TITLE:
Dirty Data between Errors and Their Handling—A Firsthand Experience in Solving Dirty Data from Within
AUTHORS:
Faheem Bukhatwa, Ahmed Laarfi, Ismahan Salem
KEYWORDS:
Data Science, Database, Artificial Intelligence, System Analysis, Big Data
JOURNAL NAME:
International Journal of Intelligence Science,
Vol.13 No.2,
April
28,
2023
ABSTRACT: Managing
large amounts of data is becoming part of everyday life in most organizations.
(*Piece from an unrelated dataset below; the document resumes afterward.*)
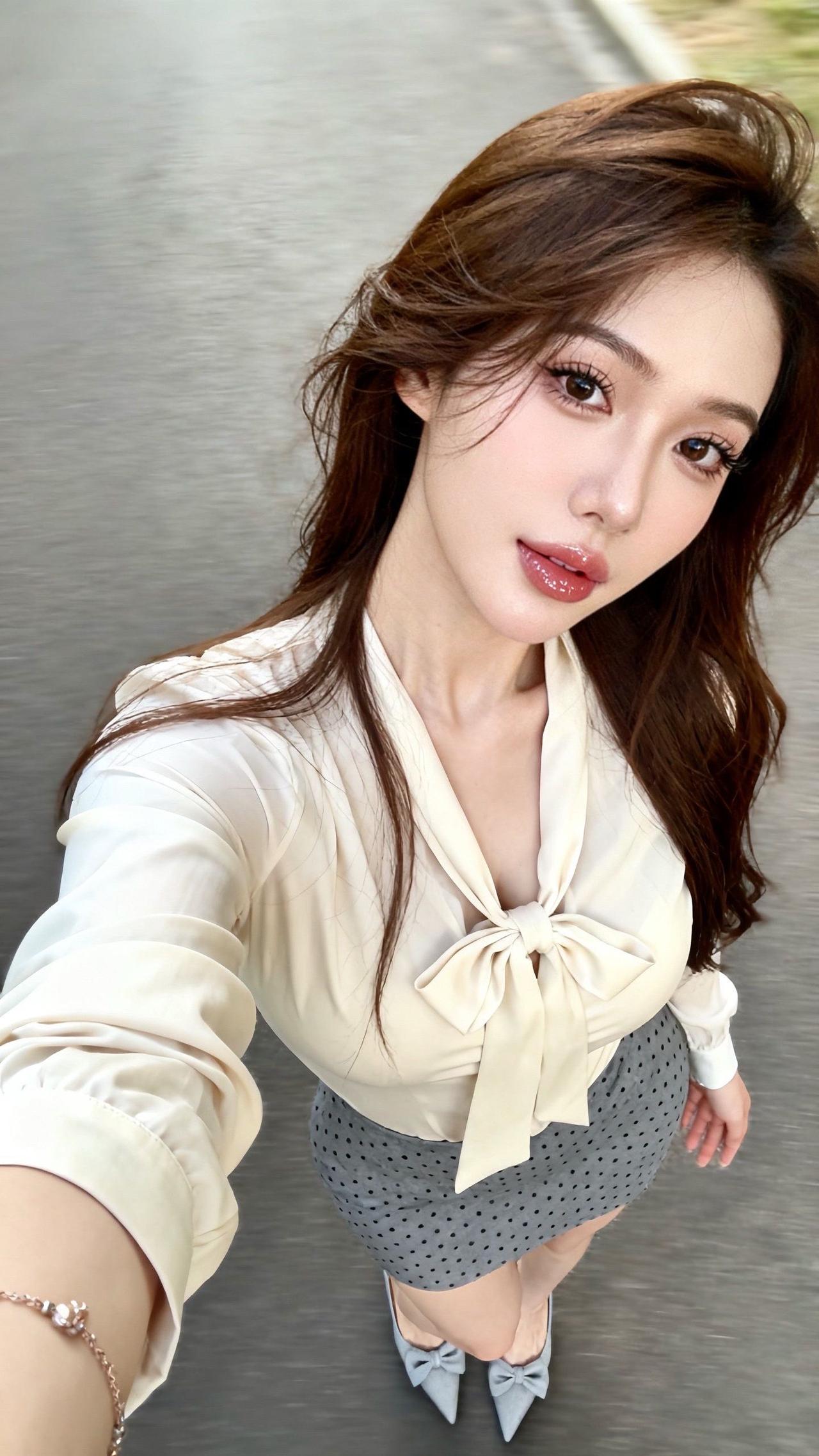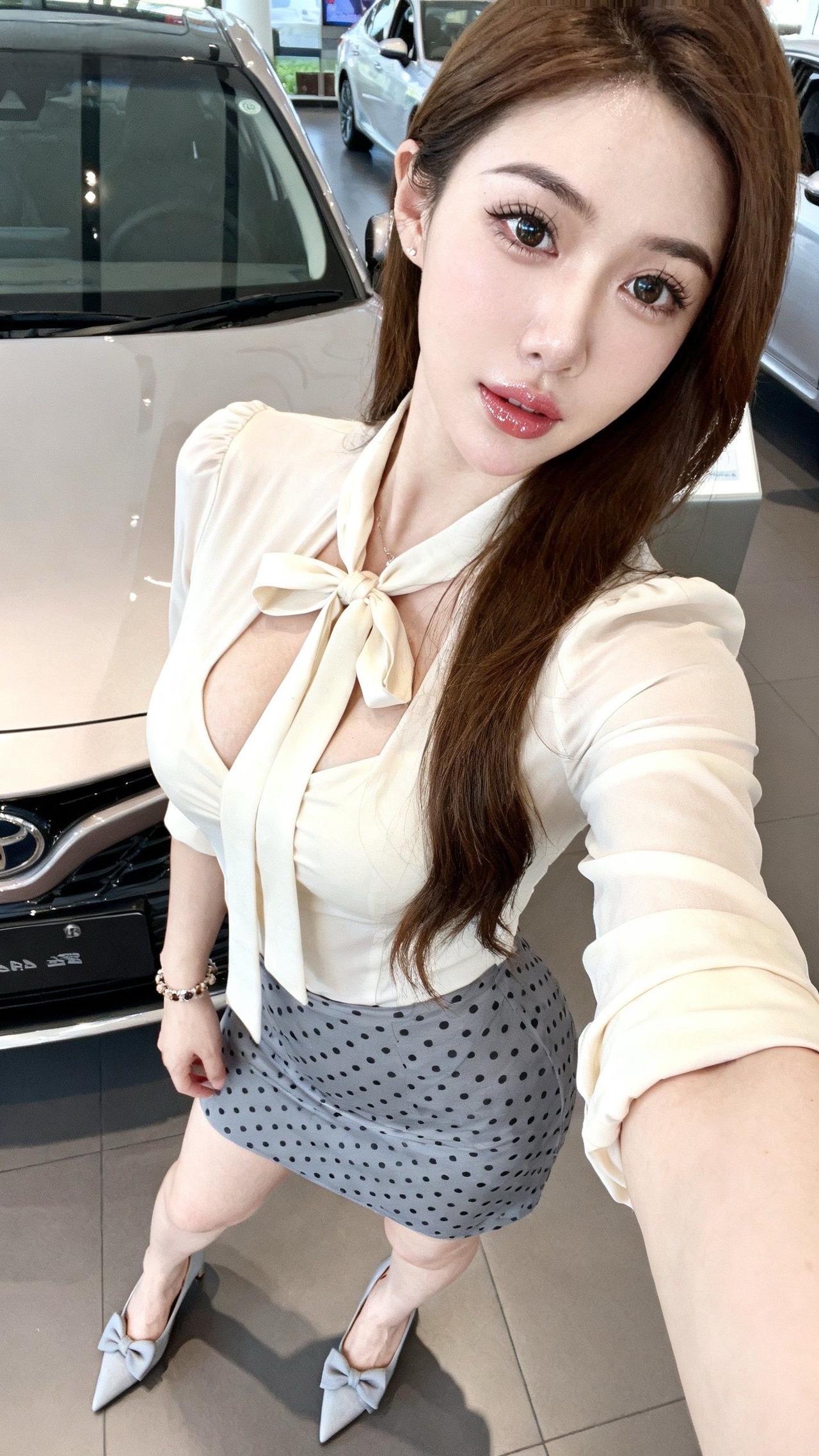 法式蝴蝶结上衣配波点短裙,这组穿搭在4S店赚足回头率

Handling, analyzing, searching, and making predictions from big data is
becoming the norm for many organizations of many interests. Big data provides
the foundations for more benefits and higher values to be extracted from big
data. As big data comes with countless benefits, it also comes with many
challenges to fulfilling its expectations. Some of those problems haunting big
data banks are being termed dirty data. This paper focuses on dirty data while
working on an organization’s natural live information system. The author was
responsible for studying and analyzing a faltering information system and
planning and carrying out the required solutions and fixes. The importance of
the work carried out lies in the high level of dirty data observed in the
system. Therefore, this paper is based on the part of dirty data—the paper focuses on how the team suffered from dirty data and how it was dealt with.